# Wild Flower HDR



## 407370 (Jun 10, 2016)

Comments always welcome:


----------



## pjaye (Jun 10, 2016)

Love this. The color really pops.


----------



## SquarePeg (Jun 10, 2016)

nice work!


----------



## Rick50 (Jun 10, 2016)

Yes, came out well. Must have been a calm day without any wind.


----------



## PhotoriousMe (Jun 10, 2016)

Very nice and well processed.

Dave


----------



## 407370 (Jun 10, 2016)

407370 said:


> Comments always welcome:
> View attachment 123091





symplybarb said:


> Love this. The color really pops.


The lighting really helped. Thank you.



SquarePeg said:


> nice work!


Thank you.



Rick50 said:


> Yes, came out well. Must have been a calm day without any wind.


Not a breath of wind and I took it handheld. Thanks



PhotoriousMe said:


> Very nice and well processed.
> 
> Dave


I really worked on the processing to get the detail of the centre of the flower. Thanks for noticing.


----------



## dennybeall (Jun 10, 2016)

Nice and sharp throughout the main subject, very nicely done.


----------



## Rye (Jun 10, 2016)

Great shot of the main flower subject itself. I especially like the way the flowers underneath fade away in perspective and focus. 

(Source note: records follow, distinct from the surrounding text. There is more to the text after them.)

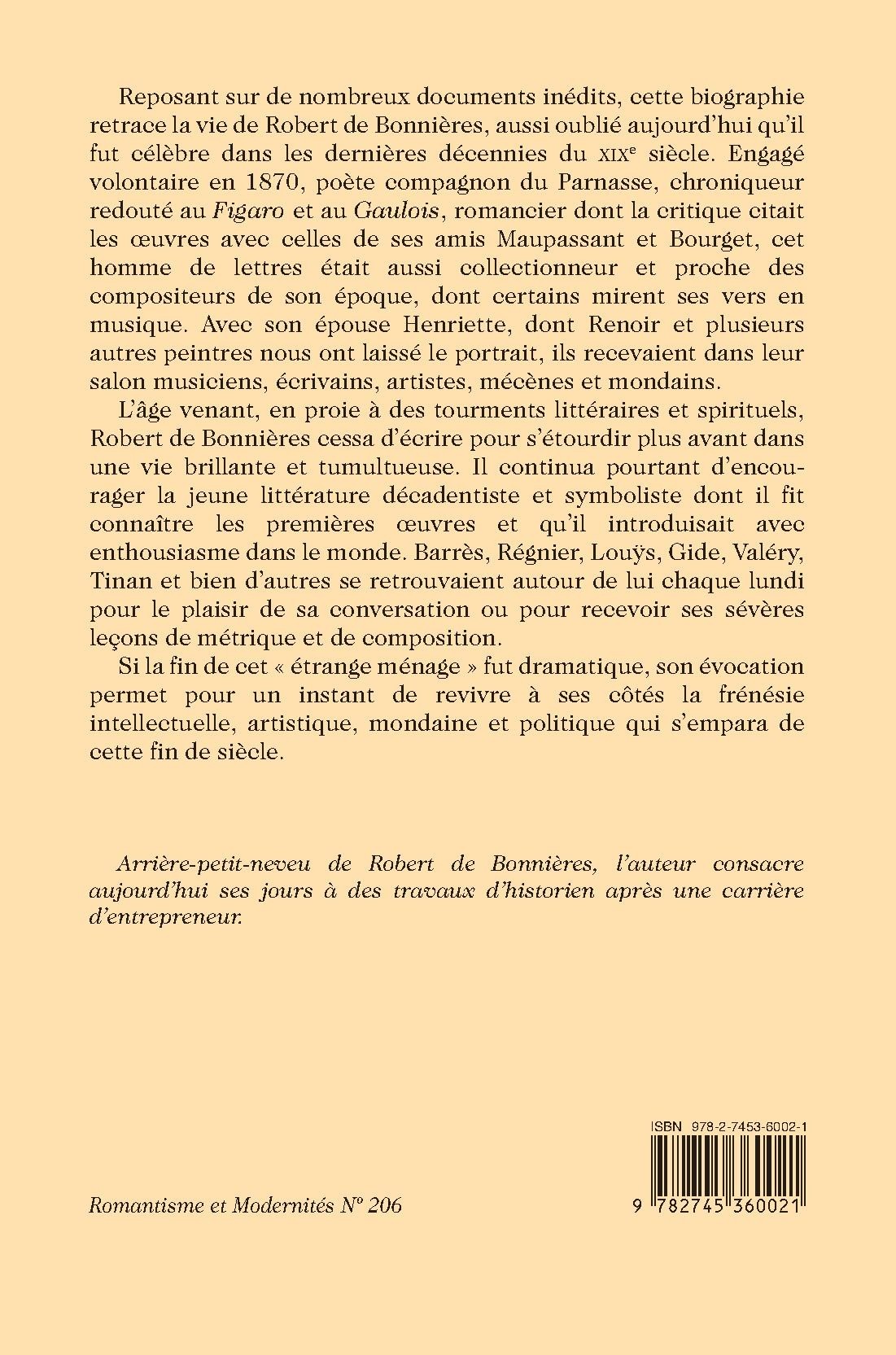 Reposant sur de nombreux documents inédits, cette biographie retrace la vie de Robert de Bonnières, aussi oublié aujourd’hui qu’il fut célèbre dans les dernières décennies du XIXe siècle. Engagé volontaire en 1870, poète compagnon du Parnasse, chroniqueur redouté au Figaro et au Gaulois, romancier dont la critique citait les œuvres avec celles de ses amis Maupassant et Bourget, cet homme de lettres était aussi collectionneur et proche des compositeurs de son époque, dont certains mirent ses vers en musique. Avec son épouse Henriette, dont Renoir et plusieurs autres peintres nous ont laissé le portrait, ils recevaient dans leur salon musiciens, écrivains, artistes, mécènes et mondains.
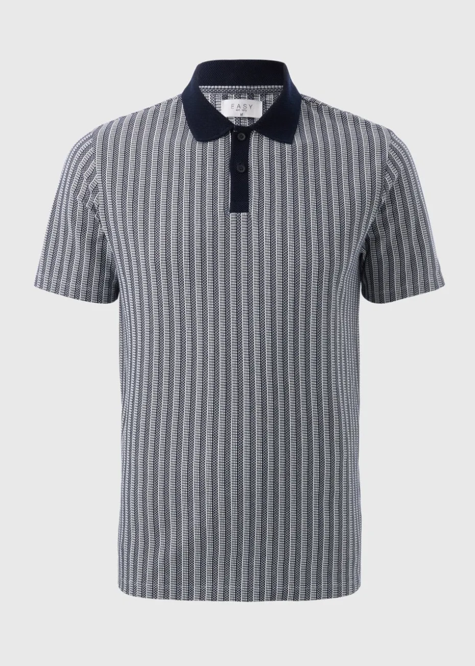 Elevate your smart-casual wardrobe with the Navy Jacquard Stripe Polo Shirt, designed for sophisticated comfort and effortless style. Featuring a subtle jacquard stripe pattern, this polo adds texture and depth to your look while maintaining a classic and refined aesthetic. Pair it with chinos and boat shoes for a relaxed yet refined weekend look.
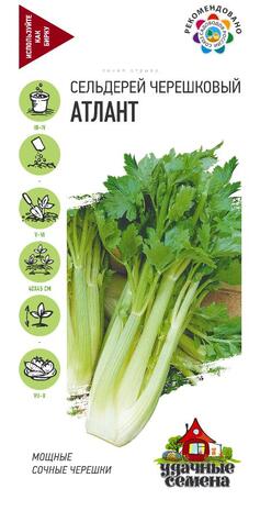 Среднеспелый (150–170 дней от всходов до технической спелости) сорт черешкового сельдерея. Розетка листьев прямостоячая, диаметром 45–53 см, высотой 40–45 см. Лист средний, зеленый, сильноглянцевый. Черешок среднего размера, зеленый, поверхность слаборебристая. Масса черешков с одного растения 300–400 г. Выращивают рассадным способом. Семена высевают, не заделывая в почву. Всходы начинают появляться через 2–3 недели. Для улучшения качества черешкового сельдерея его отбеливают. Для этого за две недели до уборки черешки осторожно сдвигают и обертывают плотной бумагой. Рекомендован для употребления в свежем виде, консервирования и в качестве специи в различные блюда. Урожайность 2,8–3,3 кг/м².
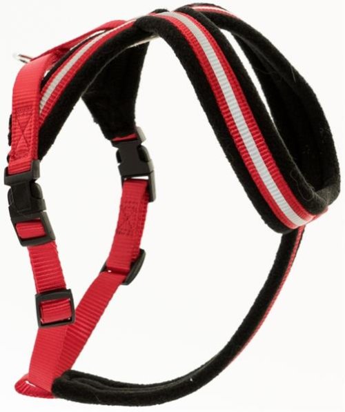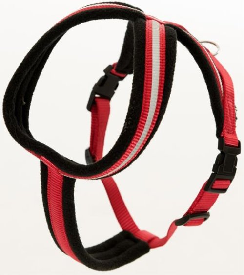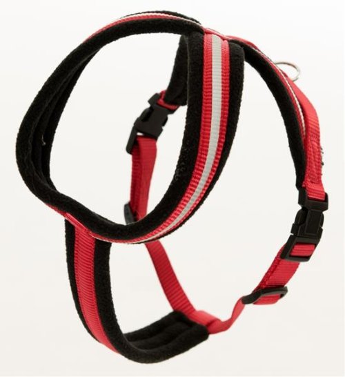 Reflexní nylonový postroj na malého psa v červeno/černé barvě. Postroj je vyroben v kombinaci velmi praktického nylonu a měkké fleecové podšívky, která zajišťuje komfortní a zároveň velmi pohodlné nošení. Nastavitelná velikost postroje kolem hrudníku 42-50 cm. Při zvolení správné velikosti, postroj nijak psa neomezuje v pohybu a neodírá srst. Tato velikost postroje je vhodná pro psa o velikosti, jako je např. papillon nebo čivava. Velmi jednoduché nasazení na psa. Zapínání na plastové přezky. Pro ještě větší bezpečnost psa je postroj opatřen reflexními proužky. Rozměry: 42-50 cm
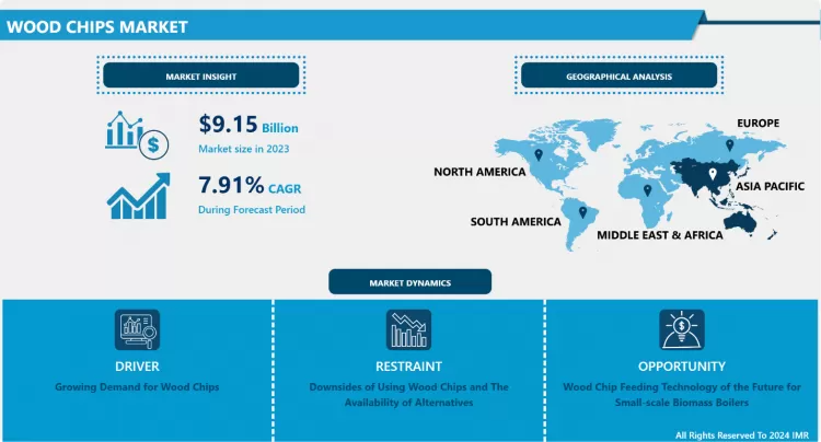 The Global Wood Chips Market Size Was Valued at USD 9.15 Billion in 2023 and is Projected to Reach USD 18.15 Billion by 2032, Growing at a CAGR of 7.91 %.
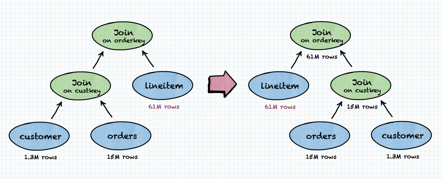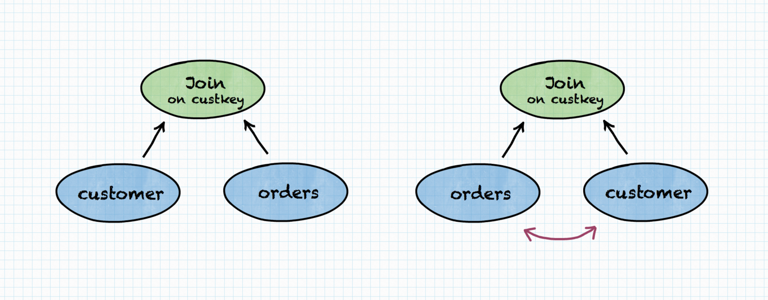 Without going into database internals on how JOIN is implemented, let’s take for granted that it makes a big difference which table is right and which is left in the JOIN. (Simple explanation would be that the table on the right basically needs to be kept in the memory while JOIN result is calculated). Because of that, the following plans produce same result, but may have different execution time or memory requirements.
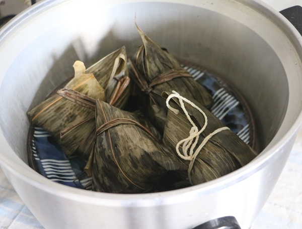 冷藏狀態下的干貝五花腩肉粽與紫米豆沙粽則以2杯水蒸煮;鮑魚櫻花蝦粽以3杯水蒸煮。
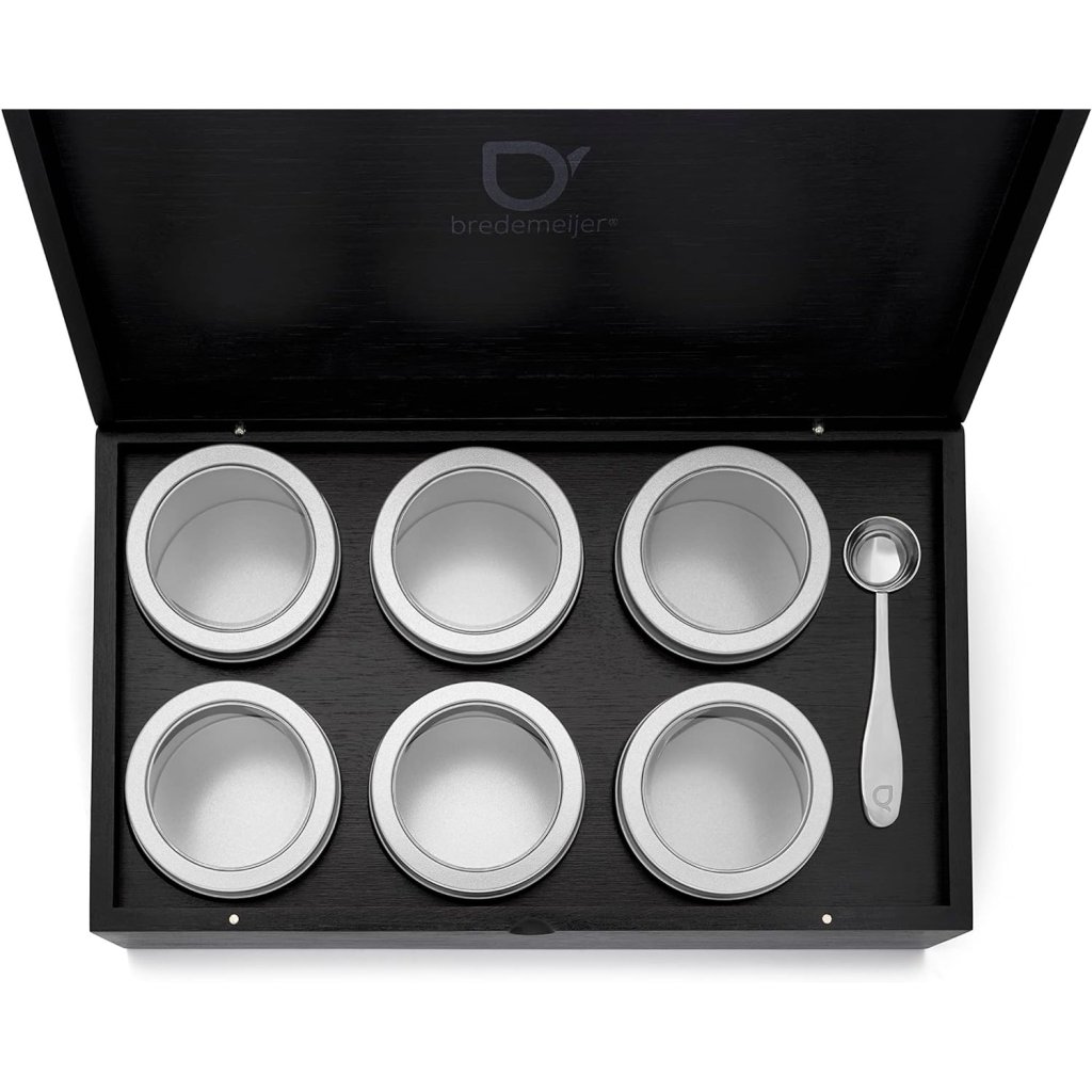 - enthält 6 wiederverschließbare, runde Blechdosen mit Klarsichtfenster für verschiedene Teesorten
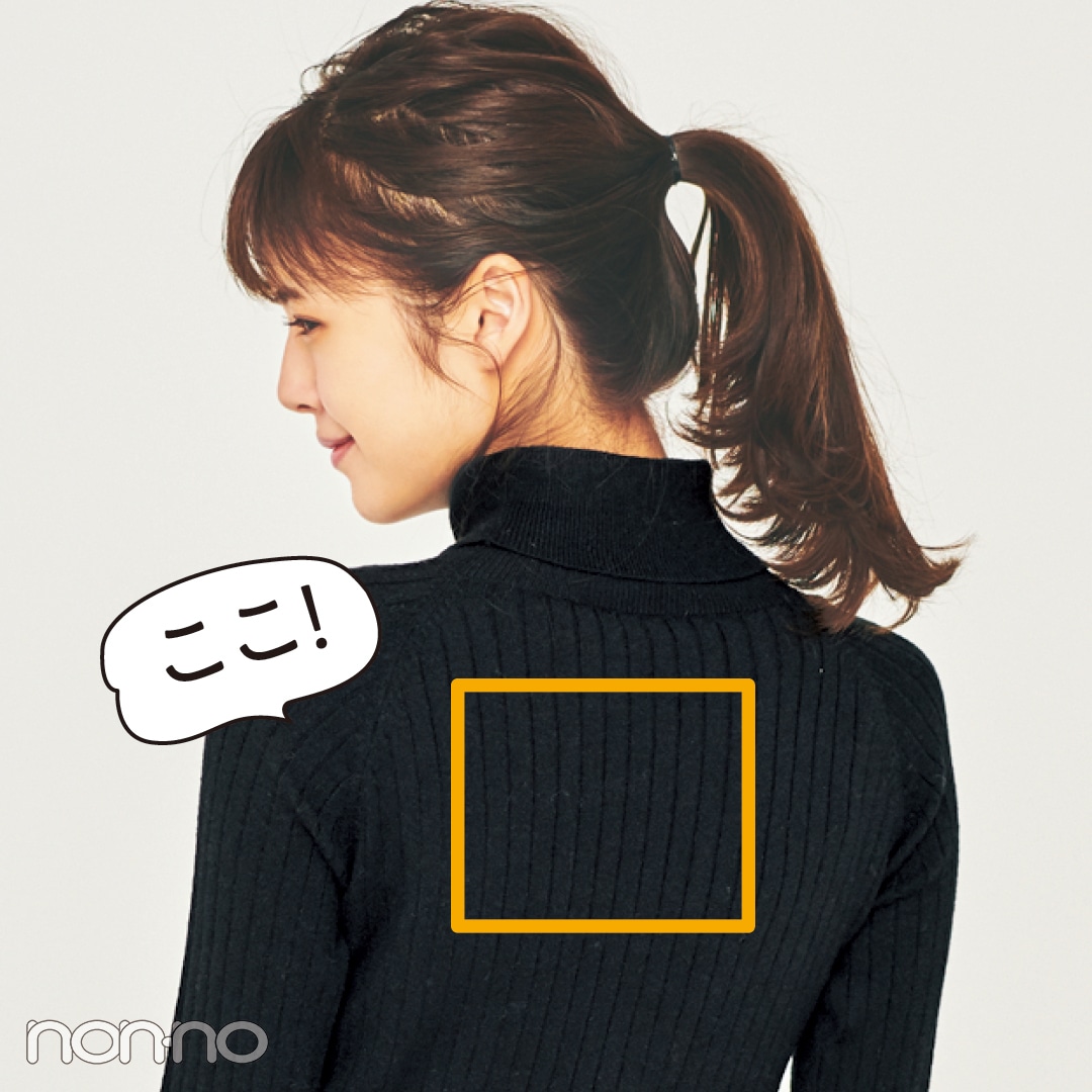 インナーに貼る場合は、一番暖かい両側の肩甲骨の間に。また、アウターの内側に貼っておくと、外でだけ暖かくて実用的。両側の肩甲骨に当たる位置に貼れば、脱いだ時も目立たない!
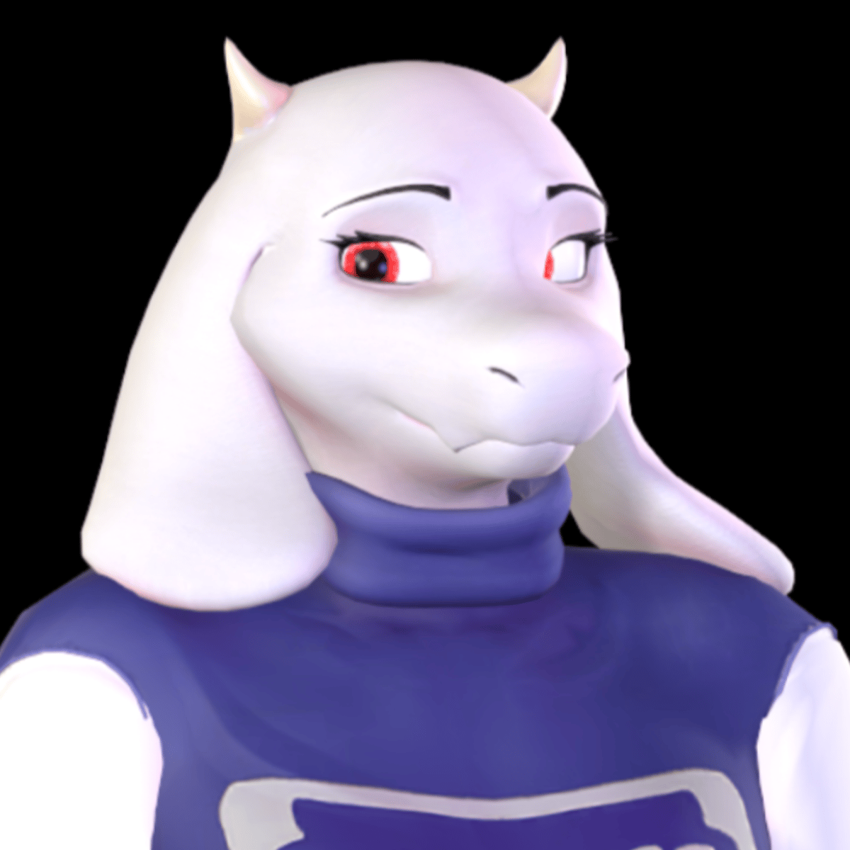Toriel is a white-furred Nubian Goat, with floppy ears and tiny horns. She has a pair of visible fangs and long eyelashes, and her irises have a dark red tint. She is anthropomorphic, with paws at the end of her limbs. She wears a long purple robe with white sleeves and the Delta Rune on the chest.

The half sidewalk and half grass background takes away from the image overall though.


----------



## hdrbyspencer (Jun 13, 2016)

Hi there... I saw you wild flower in HDR. Here is what I like best. I like the natural effect you processed with this flower. Your perspective seems to work quite well. Thanks for sharing.


----------



## goooner (Jun 14, 2016)

Nice shot and treatment. Is this a single shot HDR? I would have liked a little more space on top though.


----------



## 407370 (Jun 14, 2016)

goooner said:


> Nice shot and treatment. Is this a single shot HDR? I would have liked a little more space on top though.


Sort of.....


 
Single image in camera (I tried to bracket but it did not really get the effect I was looking for) then produced several versions with adjustments to light intensity but no changes to contrast. Dump the various images into Photomatix and blend to taste.
The reason the flower takes up the entire frame is that the more flower in the image the better the definition of the leaves gets. Even if you leave a wee bit of room for cropping it has a negative effect on the processing. I dont mind stuff at the edge of a frame but thats just me.


----------



## goooner (Jun 14, 2016)

Thanks for the detailed reply. I thought it was done this way to reduce the change of movement/ghosting.


----------



## 407370 (Jun 14, 2016)

goooner said:


> Thanks for the detailed reply. I thought it was done this way to reduce the change of movement/ghosting.


That as well. I did not have a tripod and bracketing is challenging hand held.


----------



## hdrbyspencer (Jun 14, 2016)

goooner said:


> Nice shot and treatment. Is this a single shot HDR? I would have liked a little more space on top though.



I have a friend who likes to use the edge and beyond to create his own unique photos. It is a bit different and it is his art and his expression. Personally, I also like to leave a little bit of space. I think your mind needs that space to get engaged in the photo elements they are about to see. 

And... to each their own. Art (photography) is clearly subjective to the viewer.


----------